To avoid this, it is possible to append a termination code to the compressed bits which will signal to the consuming code that any bits following do not represent compressed bytes and should be ignored:
// this time, set up the Huffman with a TerminalCode:
let terminal_code = TerminalCode { value: 0b001, bit_count: 3 };
let huffman = Huffman::new(table, Some(terminal_code));
// compress as normal:
let uncompressed_bytes = [0x00, 0x01, 0x02];
huffman.compress(uncompressed_bytes, &mut output);
// now the termination code is appended to the output before padding with zeroes:
assert_eq!(output, vec![0b1111_0111, 0b1011_001_0]);
// ^
// termination code
I need this for my Rust implementation of an Ultima Online game server and thought it would be fun to write it as a separate crate.
Huffman coding is a method for lossless data compression. Variable length codes are assigned to each type of input, with shorter codes assigned to more frequent inputs and longer ones to less frequent inputs. The overall length of the encoded data should therefore be shorter.
Ultima Online uses Huffman coding to compress the bytes in the network packets between the game server and game clients. For each of the 256 possible bytes a packet can include, a value with a unique prefix is assigned. These values are looked up for each byte in the original packet and written in their place to construct the compressed packet. The receiving code can decompress the packet because the prefixes are unique and so walking left to right through the packet data it can determine what the original bytes were. For example, here's how the 4 most common bytes in Ultima Online packets are encoded:
original byte | original bits | compressed value |
---|---|---|
0x00 | 00000000 | 00 |
0x01 | 00000001 | 11111 |
0x40 | 01000000 | 01010 |
0x03 | 00000011 | 100010 |
An uncompressed packet containing [0x01, 0x03, 0x00, 0x40, 0x03]
would therefore be compressed to the following stream of bits (underscores to distinguish each compressed value):
11111_100010_00_01010_100010
Total length of the packet has been reduced from 5 x 8 = 40 bits to 24 bits.
Rearranging into bytes gives the compressed packet:
[11111100, 01000010, 10100010]
or in hex:
[0xFC, 0x42, 0xA2]
To decompress, the receiving code needs to traverse a pre constructed tree built according to the same encodings as the data was compressed with:
start
_____|_____
/ \
0 1
/ \ / \
/ \ 0 1
0x00 1 / \
/ 0 1
0 / \
\ 0 1
1 \ \
/ 1 0x01
/ /
0x40 0x03
Starting from the top, the code should take each of the compressed bits one by one and go left (0) or right (1) depending on its value. In the compressed packet from the example above the first bit is 1, so the code should go right.
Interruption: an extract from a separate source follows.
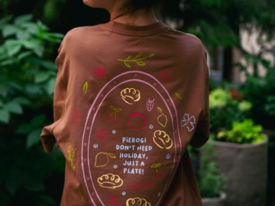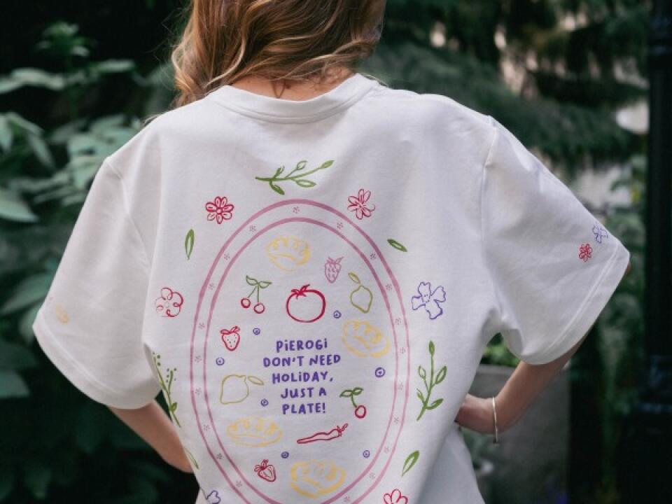 Na plecach - pełna detali grafika przedstawiająca pierogi w towarzystwie sezonowych warzyw i owoców. Na przodzie – subtelna, urocza ilustracja pieroga, który przypomina, że życie smakuje najlepiej, gdy dzielimy się dobrym jedzeniem.
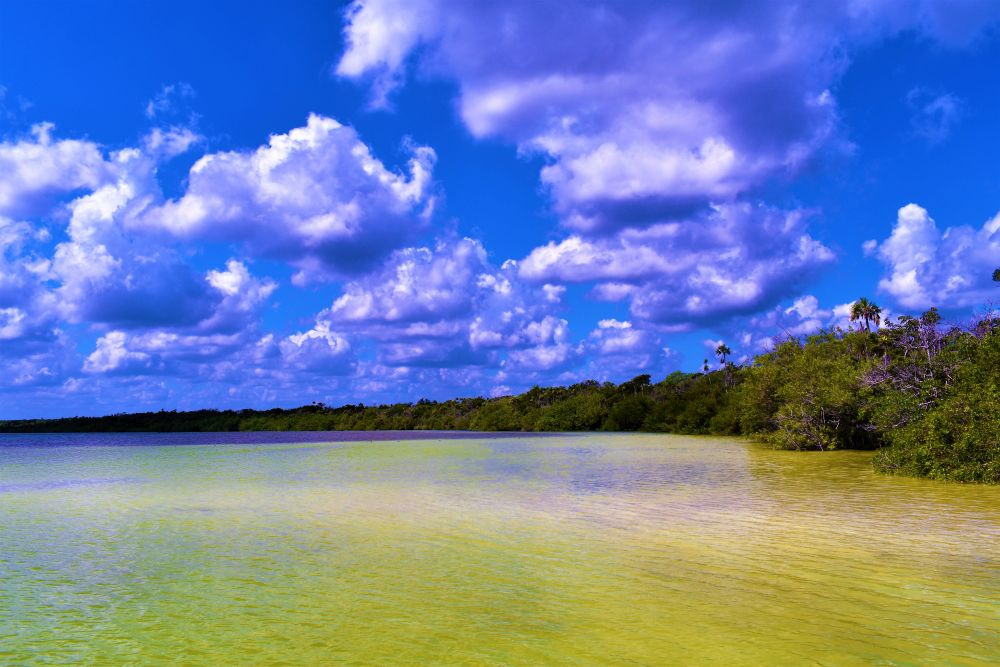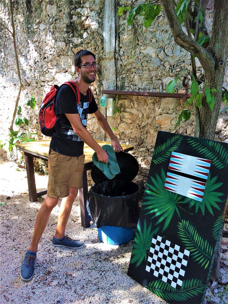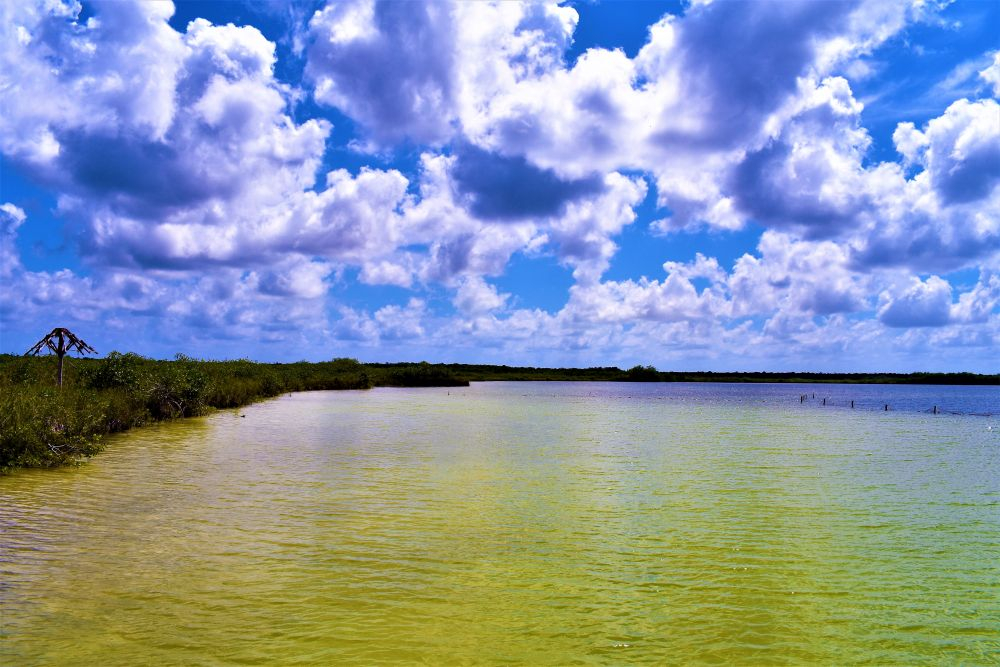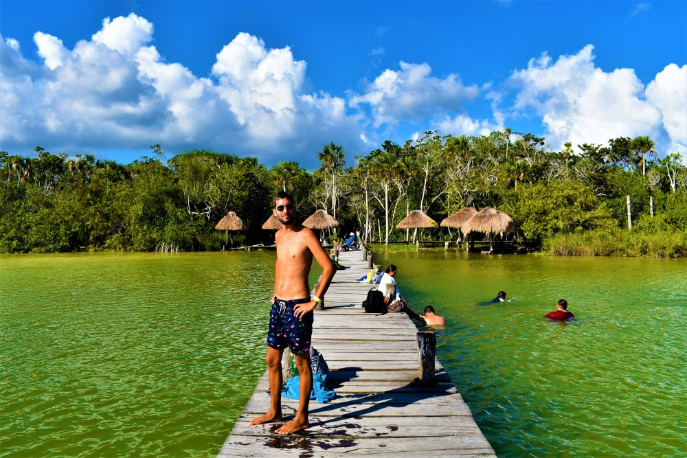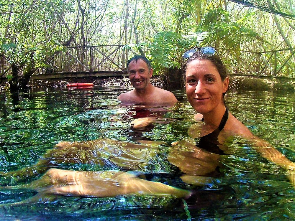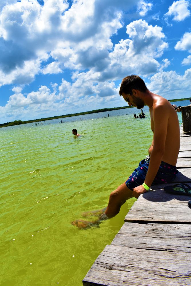 Ganz zufällig entdeckten wir am Straßenrand ein Schild „Laguna Kaan Luum“ und dachten, dass wir ja einfach mal vorbei schauen können. So ein Badetag ist auch ganz angenehm und richtig in Reisestimmung waren wir eh noch nicht. Die Lagune hatte sogar einen kleinen Eintrag in unserer „Reiseapp“, aus der wir immer wieder Empfehlungen anderer Overlander ziehen. Der Eintritt war mit ein paar Pesos recht human und so verbrachten wir an der glasklaren Lagune, die leider wegen starker Regenfälle eher gelb als blau war, einen schönen Badenachmittag. Das Wasser war, wie überall hier auf der Yucatan Halbinsel angenehm warm und man hatte beim Baden einen tollen Blick auf den umliegenden Dschungel.

The next 4 bits are also 1s, so the code would continue branching right until it reached the leaf node of 0x01
, the original uncompressed byte that corresponds to these first five 1 bits. It would then write this decompressed byte and carry on to the next bit, starting from the top of the tree again.
- Refactor tests
- Check performance and tweak
- Add docs
- Provide a streaming interface?
- Validate the values & bit counts given to HuffmanTable
- Validate the termination code is not present in the table
- Combine
values
andbit_counts
arrays into single array? - Prevent panics when buffer exceeds 32 bits?